Keyway Size Chart

Keyway Size Chart

When selecting components for your drive system, be careful about selecting one with a proper key-way. A poor fit result in slippage when used. You’d think it couldn’t happen, but more often then not, it does. That little rectangle of steel connect the hub to the shaft. Shear strength plus friction keeps everything in place. And if there’s no proper fit? Torque fail to transfer.

To prevent this, you need to know how the ANSI/ASME B17.1 standard work. This eliminates guesswork from a mechanical interface that look uncomplicated but actualy requires some serious engineering. As the shaft size increases so does the size of the key as seen on the chart. That means you won’t put a square key into something that needs a rectangle because of heavier loads. Square keys is only used on smaller shafts where both height and width of the key match. This makes it more compact.

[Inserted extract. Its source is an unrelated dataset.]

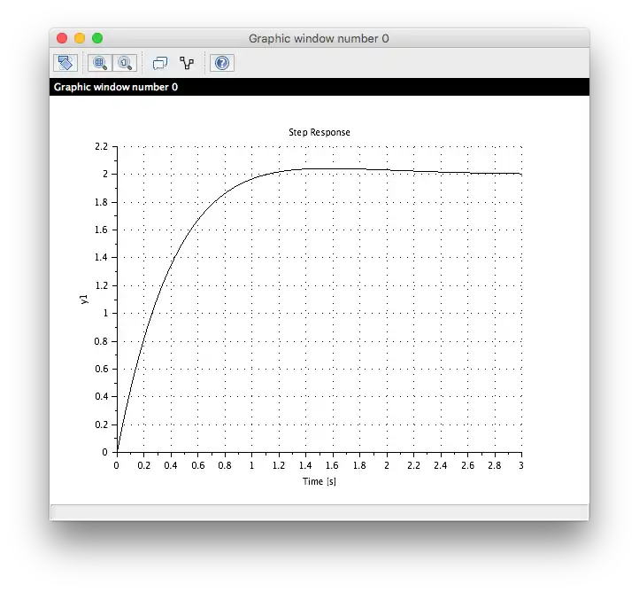 plot2d(t, csim('step',t,TF));       // csim applies the step test and plot2d produces the graphical output

How to Choose and Use Keys for Shafts

At two inches or greater in diameter, the norm change from square to rectangular keys. This provide stronger engagement without making slot too wide, which would weaken the shaft wall. It’s an important change but subtle in big equipment. The assembly will only last through its first season if you select appropriate material. A shop can pick from many different materials but most opt for cold-rolled steel 1018 due to low cost and good machinability. This material are fine for general purpose applications where the load is predictable and constant.

But take into account the operating environment of your machinery. If you run it in a saltwater or food processing plant, stainless steel are the way to go. You want the shaft to fail before the key, that’s why. Machining a replacement axle or pulling a seized motor is far more expensive then swapping out a couple bucks worth of stock.

The longevity of a joint comes as much from the installation technique as it does from the design. Most techs fail to deburr the edge around the keyway slot. They think that doesn’t matter, but sharp edges produce stress risers which starts fatigue cracks under repeated loading. The result is abrupt failure at the worst time, full bore. Thirty seconds of filing those corner edges will pay off big down the road.

Also use an anti-fretting compound so that you don’t have a micro-welded connection between the slot surface and the key. That way when maintenance time rolls around you can disassemble without spending hours fighting welded pieces of metal out of place. That’ll save your sanity and hours of frustration.

There are more tolerance classes which do not get enough attention in most shops. For example, a slip fit will assemble easy but may rotate slightly under a shock load. A drive fit is a tight connection. It must be installed with force, which may damage delicate components unless proper care is taken. The application requirements determines which tolerance class should of been chosen along with the number of times this unit will be disassembled. The tolerance must also match across the hub, shaft, and key all at once. Mixing the tolerance classes will result in either looseness or interference which degrade the entire mechanical link.

So what’s better, Splined or Keyed? The answer lies in capability and cost. First, splines disperse the load on more than one tooth. This means that they are better centered and can carries higher torque for high speed applications. Additionally, splines transmit power while allowing some axial sliding, necessary when driving a driveshaft in an automobile. Splines is much more expensive to produce as special equipment must be used to manufacture them. A well-sized keyway is the least costly option for most industrial machinery. You get a strong connection with very little need for any complex machining steps or expensive tooling.

The little things make all the difference. Measure twice, cut once. And use accurate measuring equipment to double check before you assemble anything. Use set screws positioned squarely on top of the key to achieve proper axial alignment. Make sure the length of your key is the correct multiple of your shaft size. While each may not feel like a big deal in isolation, they compound into a solid mechanical system. Getting all this right can mean the difference between a good drive and a bad one.

You won’t know if you have a perfect fitting key because it isn’t flashy, it just stays put as everything else revolves around it. Knowing that is worth the extra time spent getting a good fit.

Author

  • Thomas Martinez

    Hi, I am Thomas Martinez, the owner of ToolCroze.com! As a passionate DIY enthusiast and a firm believer in the power of quality tools, I created this platform to share my knowledge and experiences with fellow craftsmen and handywomen alike.